WHAT THIS TASK INVOLVES
Output the line containing "is a small brown" and each line after it through the end of the data, exactly as written, with pictures left out.

RECORDED INFORMATION
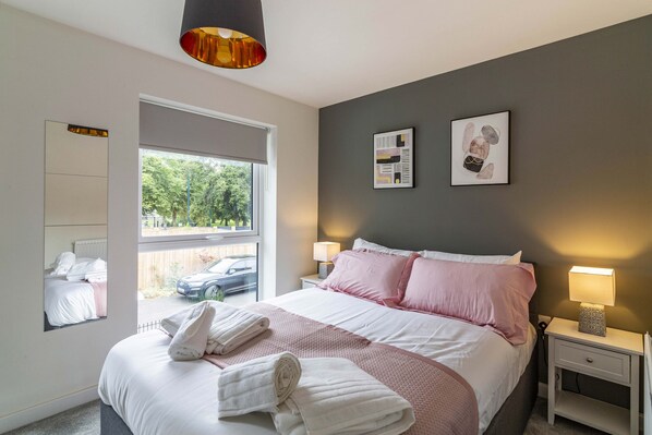 Prim Short Stays offers a modern haven for families and key workers. This 2-bedroom house features a fully equipped kitchen, comfy beds, flat screen TV with Netflix and free WiFi. With secure parking and supermarkets nearby, you'll feel at home in this self-contained accommodation.
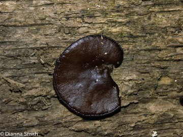 is a small brown cup fungus that grows from debarked wet dead wood, mostly of broadleaved trees. It is in the Pezizaceae family in the Pezizales Order.
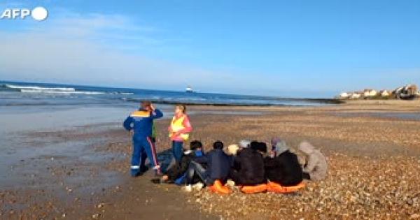 Accolti dai volontari di una ong e dalla Protezione civile ad Audresselles (Calais)

EXERCISE RESPONSE
 is a small brown cup fungus that grows from debarked wet dead wood, mostly of broadleaved trees. It is in the Pezizaceae family in the Pezizales Order.
 Accolti dai volontari di una ong e dalla Protezione civile ad Audresselles (Calais)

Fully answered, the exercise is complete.